→ TASK TO COMPLETE
Pictures left aside, return the lines below exactly, from the one with "Brass Gem Stone" to the end, including both ends.

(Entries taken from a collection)

=====

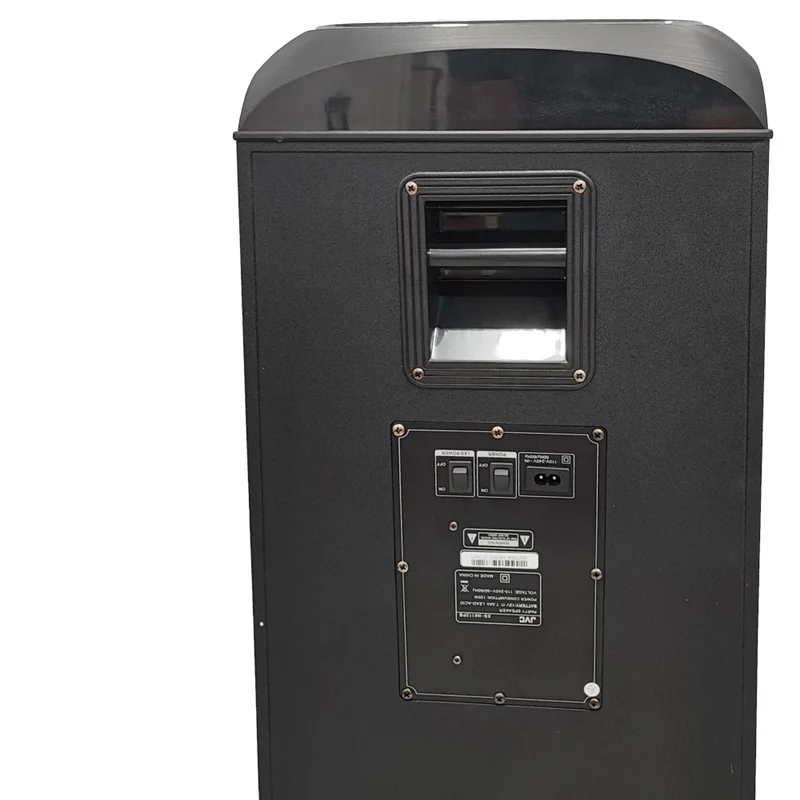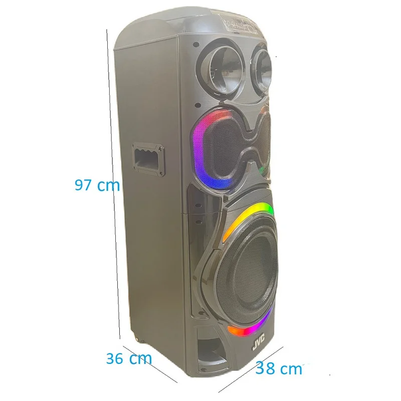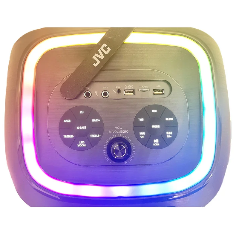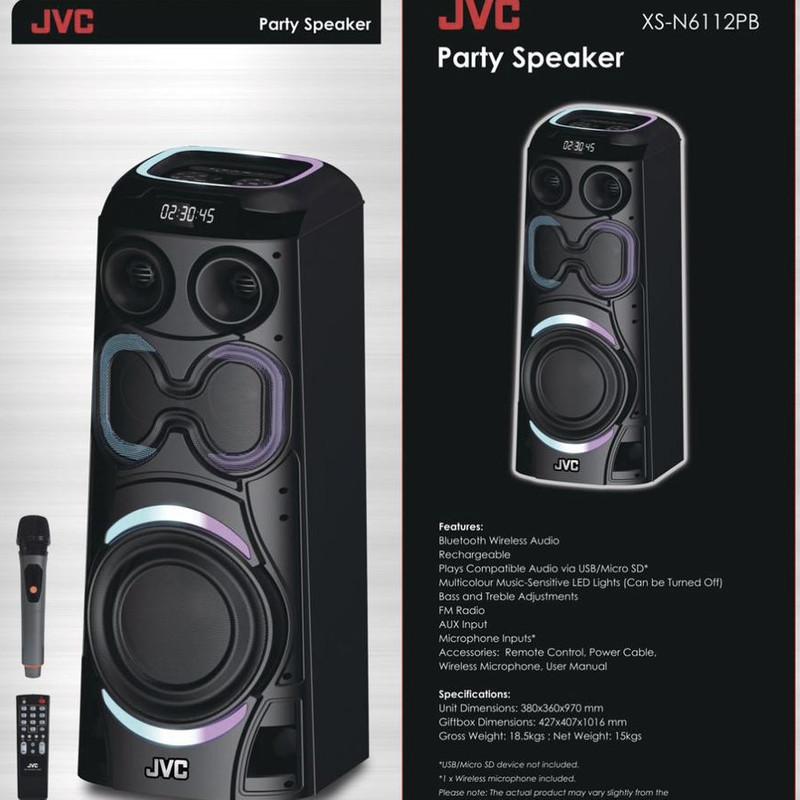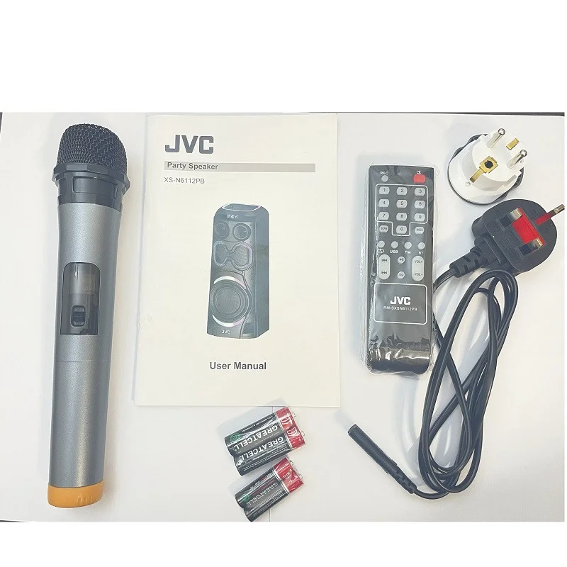 جی وی سی(JVC) شرکت ژاپنی می باشد که در سال 1927 (حدود 100سال) تاسیس شد و با تولید تلویزیون و دستگاه های VHS به برند جهانی و شناخته شده تبدیل گردید.هم اکنون محصولات این شرکت در چین و مالزی و تحت لیسانس خود شرکت جی وی سی و با کیفیت اصلی تولید می گردد. اسپیکر بولوتوثی پارتی باکس قابل شارژ مدل XS-N6112PB از محصولات جدید و بروز شرکت جی وی سی می باشد که در سایز بزرگ( ارتفاع 100 سانتی متر) برای مهمانی های بزرگ طراحی شده می باشد. در زیر این اسپیکر دو چرخ تعبیه شده می باشد که باتوجه به سنگین و بزرگ بودن اسپیکر جابه جایی آن را تسهیل می نماید.این اسپیکر دارای توان 2400 واتP.M.P.O (120 وات واقعی خروجی)که صدای بسیار بالا و باکیفیت مناسب تمام فضاها از جمله فضاهای باز و بزرگ تولید می کند.همچنین دارای دکمه G-Bass می باشد که با فشردن این دکمه باس و حجم صدا را چند برابر می کند.این دستگاه دارای سیستم TWS می باشد به این صورت که با خرید دو دستگاه از این مدل اسپیکر و قرار دادن در حالت بلوتوث و فشردن این دکمه بصورت همزمان دو دستگاه را به یکدیگر از طریق بلوتوث متصل می نماید و صدای مناسب مجالس و مهمانی های بزرگ از طریق دو اسپیکر ایجاد می نماید.این دستگاه دارای دو ورودی میکروفن،1 عدد میکروفن وایرلس،1 عدد ورودی AUX،ورودی flash USB (فلش های دارای ظرفیت حداکثر32 گیگابایت و فایل های mp3 را ساپورت می کند)،1عدد درگاه card TF- micro SD،درگاه شارژ USB وسایل الکترونیکی موبایل،تبلت و غیره می باشد. رقص نور LED دستگاه دارای تنوع می باشد که با فشردن کلیدLED Vocal حالت های رقص نور را تعویض می کند.همچنین دکمه Bass,Trebleجهت تنظیم باس و تربل موسیقی از مثبت تا منفی قابل تنظیم می باشند.دکمه REC این دستگاه قابلیت ضبط موسیقی همراه با خواننده(هنگام اجرا توسط میکروفن وایرلس یا میکروفن های باسیم که به دستگاه متصل می شوند) بر روی فلش USB فراهم می نماید به این صورت که با فشردن و نگه داشتن چند ثانیه دکمه REC شروع به ضبط صداها همراه با صدای موسیقی در حال پخش از دستگاه می نماید و بافشردن مجدد این دکمه قطع می نمایدو برای پخش یک بار دکمه REC را باید فشرد. همچنین این دستگاه دارای دکمهDJ می باشد که 4 مدل صدای از پیش تعریف شده را با هر بار فشردن این دکمه وسط موسیقی در حال اجرا ،پخش می نماید.ا
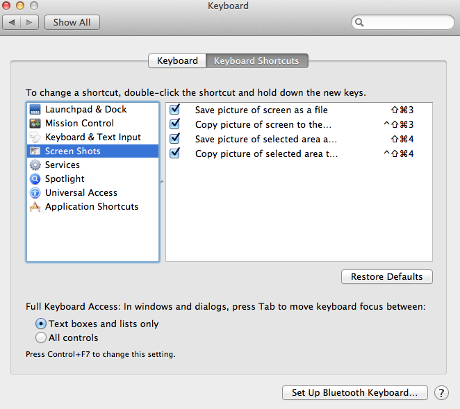 Open Keyboard system preferences, Keyboard Shortcuts. Select Screen Shots in the left panel and make sure the appropriate checkboxes are checked in ther right panel.
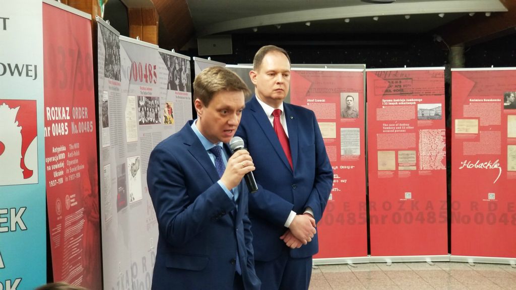 Wystawa "Rozkaz nr 00485. Antypolska operacja NKWD na sowieckiej Ukrainie 1937-1938" została przygotowana w języku polskim i angielskim. Na 16 planszach przedstawione zostały losy osób represjonowanych w ramach „operacji polskiej” przeprowadzonej przez NKWD w Związku Sowieckim w latach 1937–1938. Aresztowanych mężczyzn oskarżano o przynależność do Polskiej Organizacji Wojskowej, nieistniejącej od 1921 r., która miała rzekomo prowadzić działalność szpiegowsko-wywrotową na rzecz II Rzeczypospolitej. Na większości z nich wykonano wyrok śmierci. Żony „szpiegów” lub „wrogów ludu” były zsyłane na 5 do 10 lat do Kazachstanu za to, że nie informowały organów władzy sowieckiej o „kontrrewolucyjnej działalności szpiegowskiej” męża. Ich dzieci często odsyłano do domów dziecka lub więziono w obozach i koloniach pracy. W ramach „operacji polskiej” prześladowano nie tylko Polaków, lecz i osoby innych narodowości, w tym także Ukraińców.
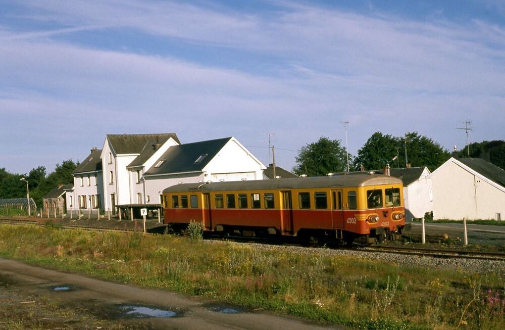 BeschrijvingMotorwagen 4502 rijdt voorbij de stopplaats Sibret. Het vroegere stationsgebouw heeft een andere bestemming gekregen. Deze stopplaats ligt langs spoorlijn 163 (Libramont - Sankt Vith).
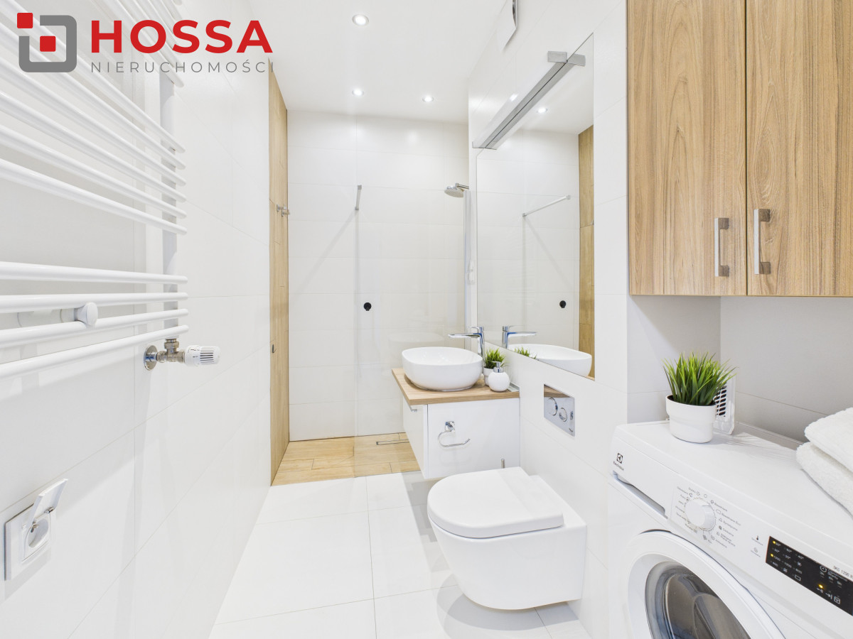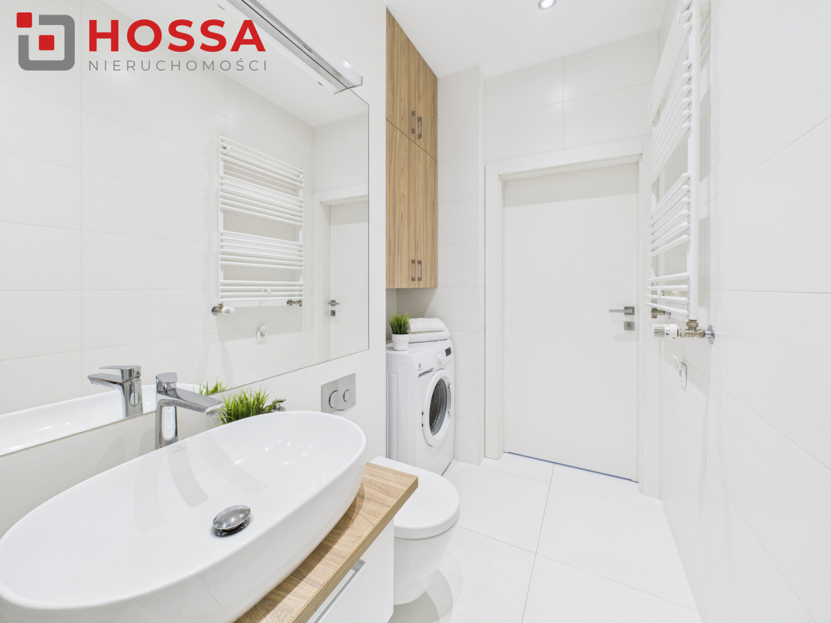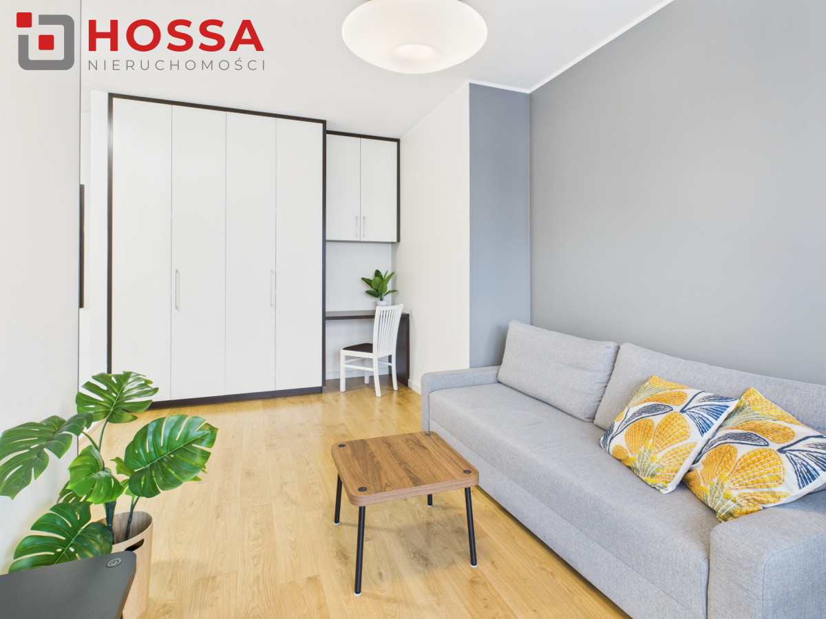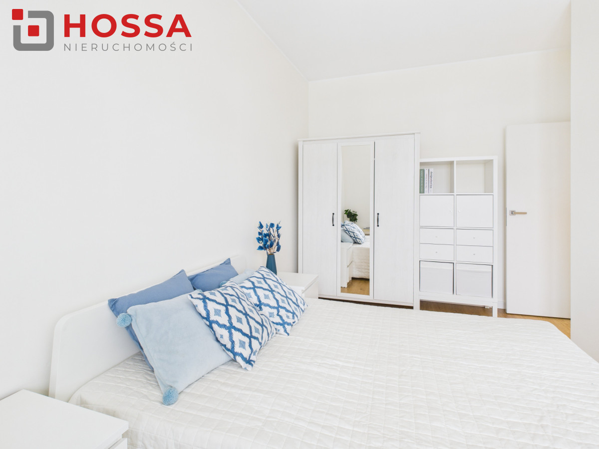 Nawynajem 2-pokojowy apartament o powierzchni 48 m², położony na 2. piętrze w kameralnym, 3-piętrowym budynku na osiedlu zamkniętym z monitoringiem, ochroną oraz zadbanym zielonym patio. Duże okna zapewniają bardzo dobre doświetlenie wnętrz, a neutralna, nowoczesna aranżacja tworzy przestrzeń wygodną zarówno do pracy, jak i odpoczynku.
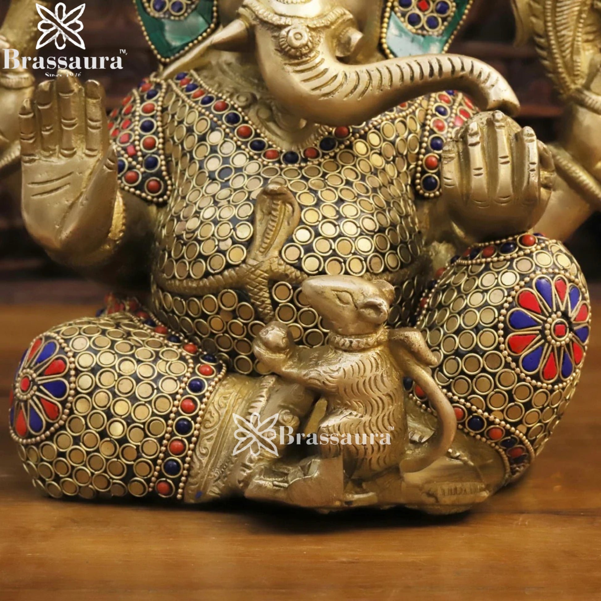 Brass Gem Stone Work Ganesha Statue – 12 Inch | 9 Kg
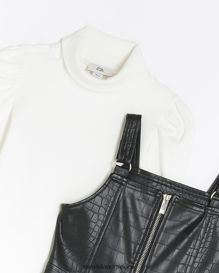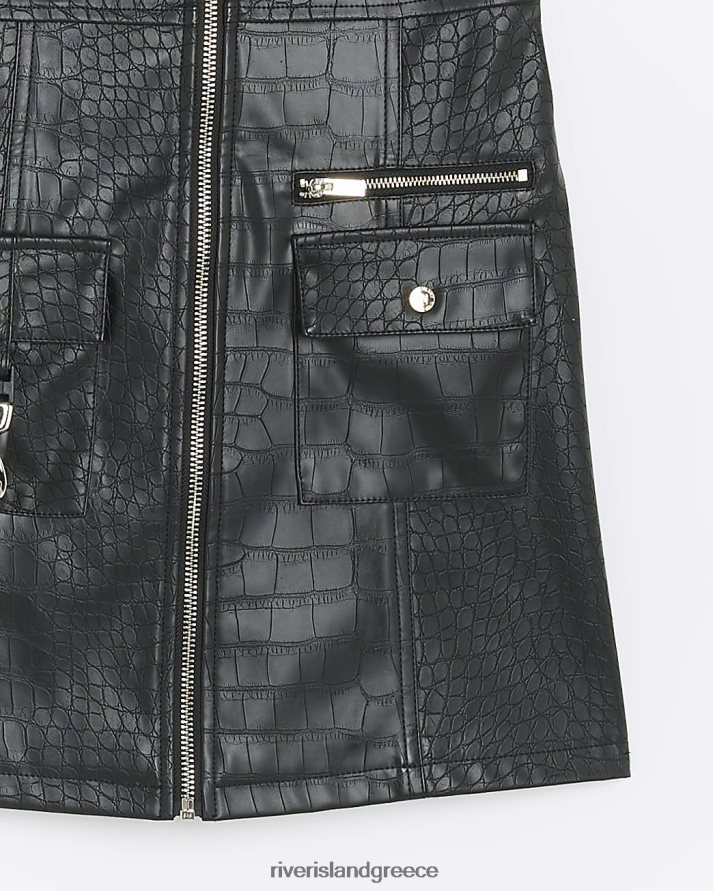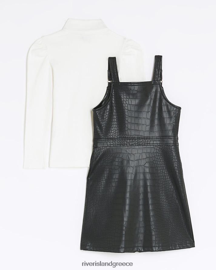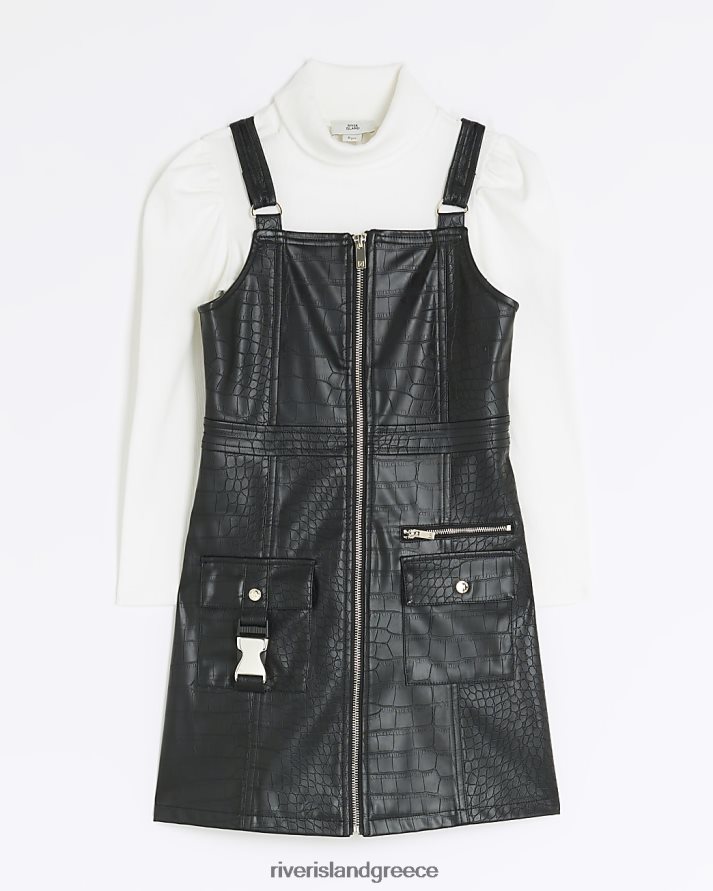 River Island ενδύματα μαύρος κορίτσια g φόρεμα pinafore από συνθετικό δέρμα B6N8X6146

=====

→ RESULT OF THE TASK
 Brass Gem Stone Work Ganesha Statue – 12 Inch | 9 Kg
 River Island ενδύματα μαύρος κορίτσια g φόρεμα pinafore από συνθετικό δέρμα B6N8X6146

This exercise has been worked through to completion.